Chemogenomic enrichment analysis
We use the CGEA online tool to analyze drugs in each cluster (http://server.dudleylab.org/index). CGEA maps the drug list to various annotation resources, including drug-induced transcriptional modules, enzymes, and fragments. These potentially relevant features identified provide a rich chemogenomic context for drugs of interest.

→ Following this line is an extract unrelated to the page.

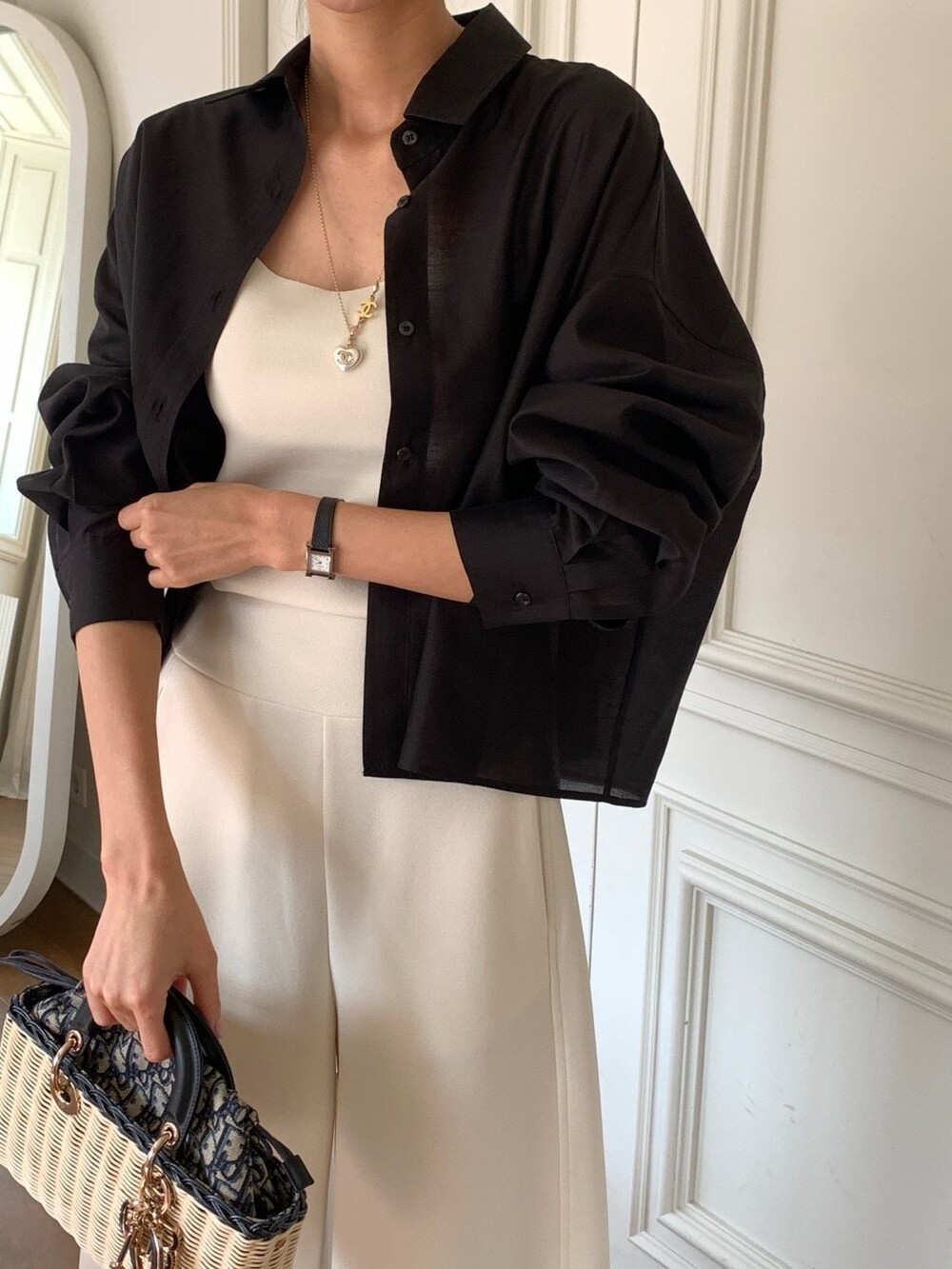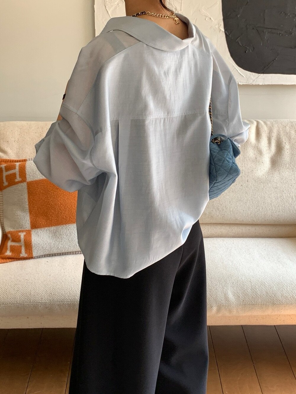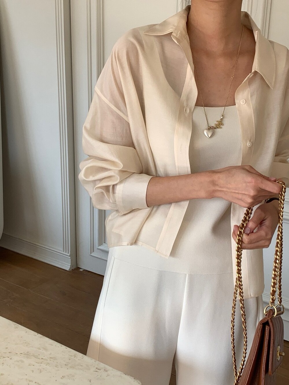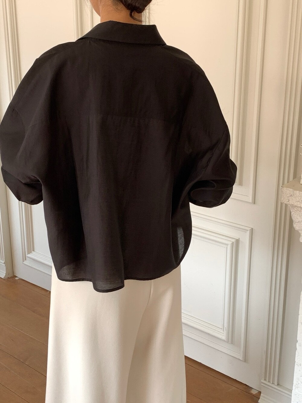 은은한 광택이 느껴지는 오간자 느낌의 블라우스로 비침도 적당해서 단품으로 입어도 포인트가 될만큼 멋진 디자인이며 여름엔 슬리브리스와 함께 걸쳐도 아우터 대용으로 충분히 활용하실수 있을것 같습니다.

Chemical ontology enrichment analysis
BiNChE is a web tool for chemical enrichment analysis based on the Chemical Entities of Biological Interest (ChEBI) Ontology [54]. We performed enrichment analysis by mapping the drugs in each cluster to both ‘structure’ and ‘role’ subsets of ChEBI Ontology.
Results
An overview of PIMD framework
PIMD is a systematic framework that predicts new therapeutic properties of known drugs, calculates the contributions of various types of data, and annotates various aspects of drug grouping, by integrating multiple drug properties. In this study, we hypothesize that if drug dA and drug dB are similar with respect to a particular parameter, then the therapeutic property t of drug dA may also be shared by drug dB. The functions of a drug can be characterized by multiple drug informatics. Therefore, in PIMD, we investigated three representative drug properties: 1) chemical properties, based on chemical structure data derived from the PubChem Compound database [7]; 2) pharmacological properties, based on protein target sequence data derived from the DrugBank and UniProt databases [5], [44]; and 3) clinical and phenotypic properties, based on side effect data derived from the SIDER database [8].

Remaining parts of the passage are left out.